Thursday, August 03, 2017

Queering the State



I just finished reading Dennis Altman and Jonathan Symons book Queer WarsTheir book interrogates the problems of queer movements in an international arena. They look at the rise of queer rights across the Western world and the concurrent rise in anti-gay movements in other parts of the world to understand how the issues of colonialism, nationalism and imperialism are intertwined. The raise interesting questions about how the queer international operates and how as a colonial force it creates opposition. 

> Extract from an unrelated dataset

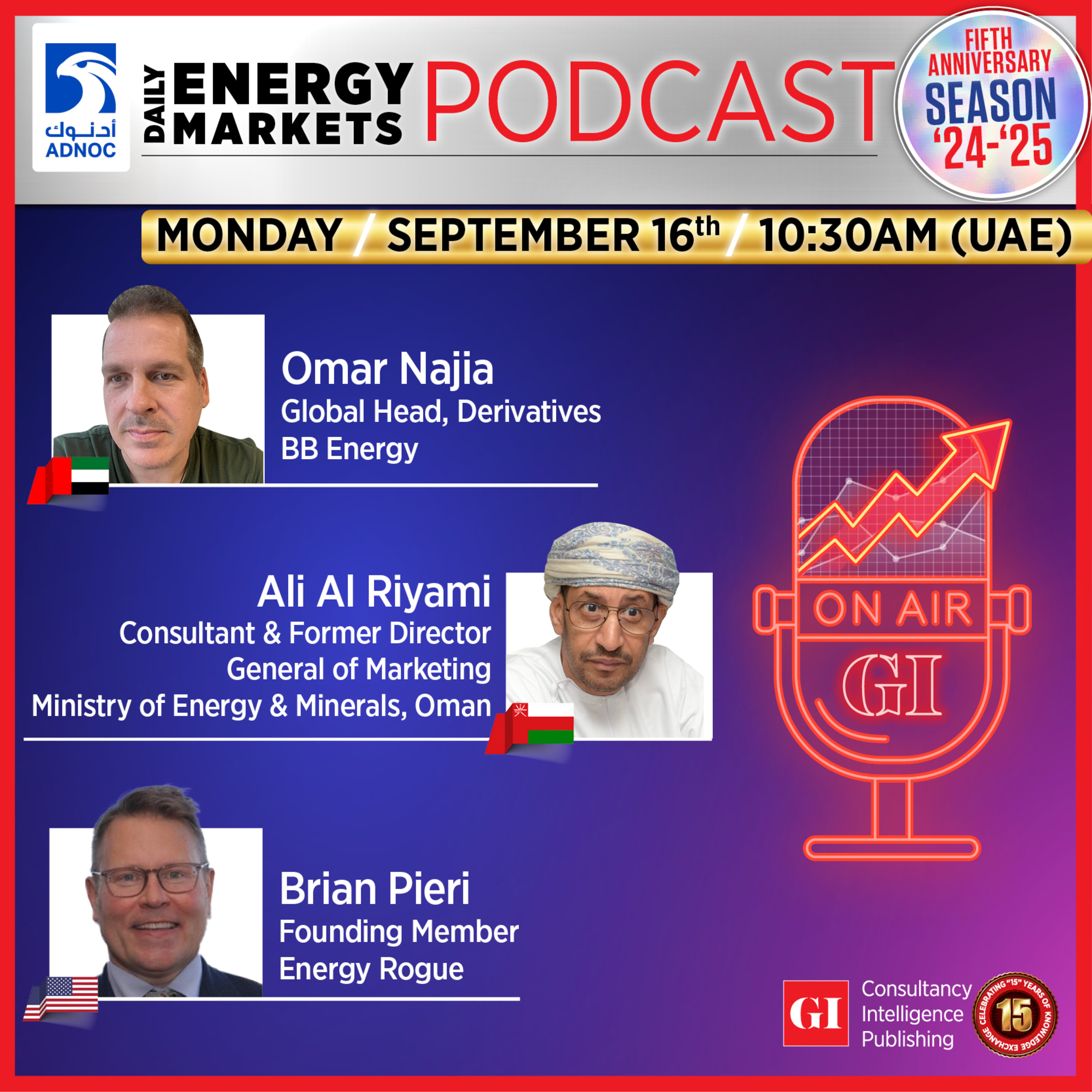 What size of FED rate cut this week would be more bullish for oil prices - 25 basis points; 50 basis points; or NO impact on oil prices? Listen in for this week’s outlook from Omar Najia, Global Head, Derivatives, BB Energy; Brian Pieri, Founding Member, Energy Rogue; and Ali Al Riyami, Consultant & Former Director General of Marketing, Ministry of Energy & Minerals, Oman. Share your views here: https://x.com/gulf_intel/status/1835573940594336146

I have written before how I have always been wary about nationalism. A relatively new historical phenomena, the basis of the nation-state has always been its own propagation. This includes  paternalist and protectionist policies implemented to ensure its own survival. Because nation-states seek to continue their existence from one generation to the next they strive to ensure that heterosexuality and heteronormative behaviours are 
enshrined in the ideals of the state to ensure the citizens of the state reproduce themselves in order for the state itself to survive. 

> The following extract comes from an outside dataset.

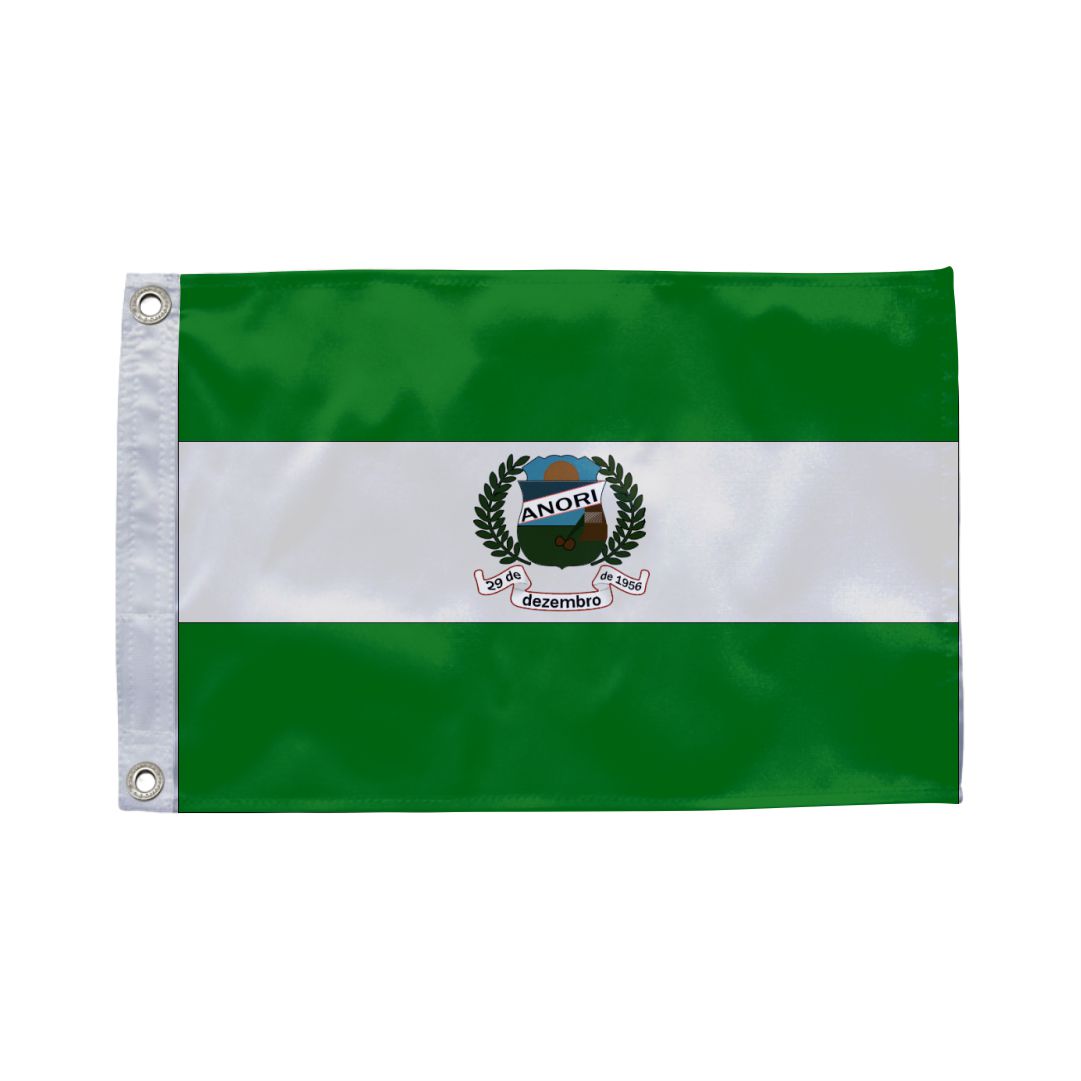 A bandeira de Anori é composta por faixas horizontais nas cores verde, amarelo e branco, dispostas de forma a representar a exuberância da floresta e a riqueza local. O pavilhão simboliza o orgulho da comunidade e a conexão profunda do povo anoriense com o seu território.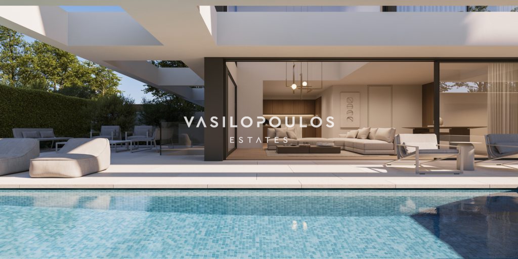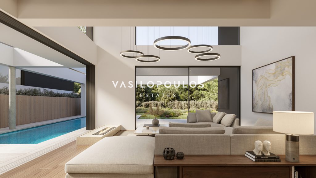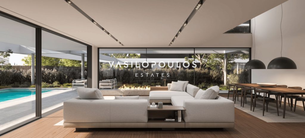 Η μοναδική αυτή κατοικία καλύπτει 3 ορόφους (υπόγειο, ισόγειο, και 1ο όροφο) του κτιρίου. Τα μοντέρνα υλικά και τα εξαιρετικά φινιρίσματα προσδίδουν στο ακίνητο μια πολυτελή και σύγχρονη αισθητική. Το ισόγειο αποτελεί τον κύριο χώρο υποδοχής. Ο μεγάλος ανοιχτός χώρος περιλαμβάνει το σαλόνι, την τραπεζαρία, την κουζίνα και το wc επισκεπτών. Ιδιαίτερη πινελιά στη διακόσμηση προσδίδει το τζάκι από γυαλί με συμπαγής βάση και πλήρες γυάλινο κάλυμμα. Έργα τέχνης, μοντέρνα και εντυπωσιακά φωτιστικά και φυτά έχουν προσθέσει αισθητική αξία ζεστασιά και στιλ. Το φωτεινό φυσικό φως εισέρχεται μέσα από τα μεγάλα παράθυρα και προσφέρει υπέροχη θέα στον κήπο και την πισίνα.

Thinking about nation-states in this way makes them seem almost alive. Like giant hives created by the citizens that are at the state's beck and call. In this way citizens serve the state and not the other way around. Indeed, a lot of dystopic fiction looks at states this way and maybe they are alerting us to an inherent problem in the concept of nationalism. Too often the survival of the state, its future results in policies which deny those who do not live up to its ideals the right to continue. All one need think of are the homophobic policies enacted during the Cold War. 

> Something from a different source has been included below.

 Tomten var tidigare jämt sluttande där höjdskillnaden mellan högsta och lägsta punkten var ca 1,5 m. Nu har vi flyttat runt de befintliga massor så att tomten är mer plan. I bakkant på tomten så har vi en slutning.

We need a way of organizing ourselves that is not contingent on the flaws idea of the nation-state. They have run their course and need to be shelved leaving space for a world in  which each of us can determine our own fates, challenging norms without risking our lives. We need to dismantle not only the idea of nationalism, but all the -isms that go along with it and support it. We need a queer politics that embraces diversity in all its forms.